An Agent Company is only useful if it improves outcomes in practice.
The right eval loop tests both company structure and actual task execution.

## What to evaluate

A good evaluation set covers more than final prose output.
Depending on the company, test:

* import preview quality
* company graph resolution
* skill attachment behavior
* task execution quality
* output artifacts
* token and time cost

## Start with realistic test cases

Each eval case should include:

* a realistic user or operator prompt
* the company or repo path being evaluated
* expected outputs or behaviors
* optional input files

Examples:

* import an Agent Company into a new environment and inspect the preview tree
* attach engineering skills to an agent and compare desired vs actual state
* execute a recurring planning task with and without the company

## Compare against a baseline

Run each case at least two ways:

* with the current company
* without the company or with the previous version

This tells you whether the company is adding value rather than just consuming more context.
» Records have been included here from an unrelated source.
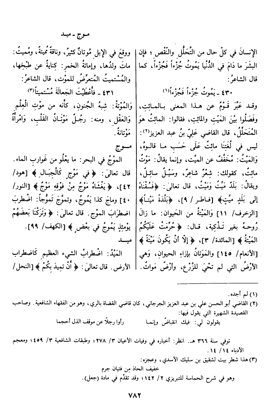 «1» وقد عَبَّرَ قوم عن هذا المعنى بِالْمَائِتِ، وفصلوا بين الميّت والمائت، فقالوا: المائت هو المتحلّل، قال القاضي عليّ بن عبد العزيز «2» :
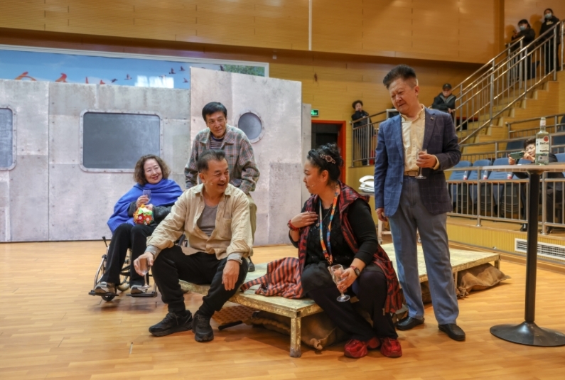 12月14日,由北京宏福集团戏剧之城引进的“大戏看北京”文艺创作孵化平台·青年人才项目——话剧《乘风破浪》亮相北京金手杖国际康养社区。
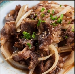 Čebulo zmeljite. Dušite jo na maslu, dokler se ne zmehča. Dodajte moko in dušite, dokler ta ne porumeni. Dodamo kis, sol, poper in govejo juho ter pustimo, da zavre. Meso narežemo na rezine in vroče postrežemo s čebulno omako.
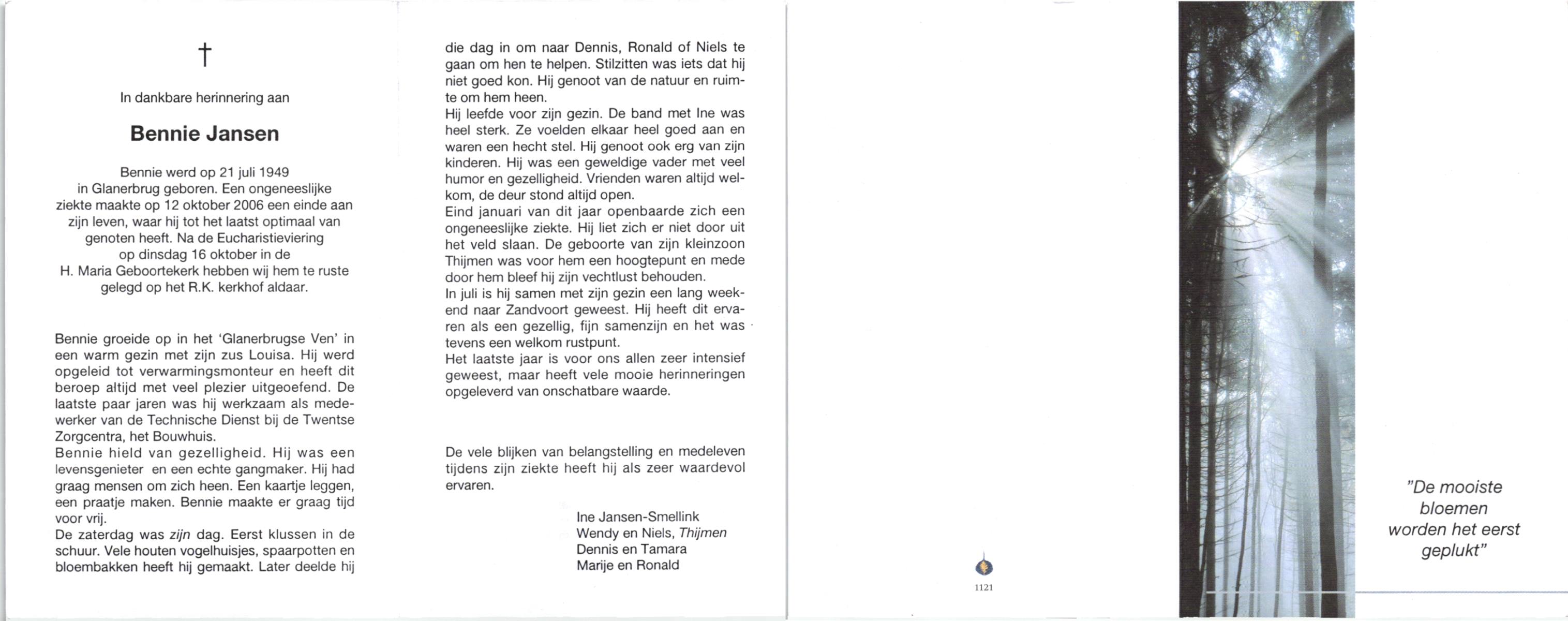 JANSEN, , Bennie, geboren op 21-7-1949 te Glanerbrug, overleden op 12-10-2006 op 57-jarige leeftijd, begraven op 16-10-2006 te Glanerbrug.
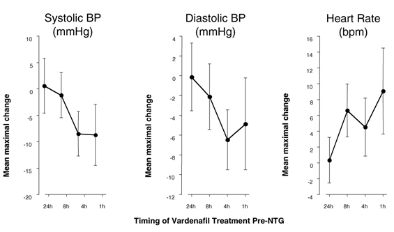 Antihypertensives: Vardenafil hydrochloride tablets may add to the blood pressure lowering effects of antihypertensive agents. In a clinical pharmacology study of patients with erectile dysfunction, single doses of vardenafil 20 mg caused a mean maximum decrease in supine blood pressure of 7 mmHg systolic and 8 mmHg diastolic (compared to placebo), accompanied by a mean maximum increase of heart rate of 4 beats per minute. The maximum decrease in blood pressure occurred between 1 and 4 hours after dosing. Following multiple dosing for 31 days, similar blood pressure responses were observed on Day 31 as on Day 1.

## Write objective assertions first

Prefer checks like:

* expected manifests were discovered
* skill shortnames resolved correctly
* import preview shows the intended create or update actions
* a report file or artifact exists
* the output includes required sections

Add human review after that for broader questions like usefulness, clarity, or whether the output reflects the intended company behavior.

## Track cost and drift

Collect per-run data such as:

* pass rate
* failure category
* duration
* total tokens
* whether the adapter or runtime state matched the company intent

That last point matters because desired state in the manifests may diverge from actual runtime state.

## Use failures to refine the company

Read failures at three levels:

* company design: wrong boundary between company, team, agent, and skill
* instructions: unclear role behavior or missing defaults
* tooling: weak import preview, weak pinning, weak sync visibility

If the same logic is being reinvented in every run, that is usually a sign to improve the company structure, instructions, or bundled references.

## The loop

1. run the eval set with and without the company
2. grade objective assertions
3. review outputs and execution traces
4. tighten manifests, descriptions, or bundled resources
5. rerun and compare the delta

Stop when the Agent Company improves outcomes consistently and the extra context cost is justified.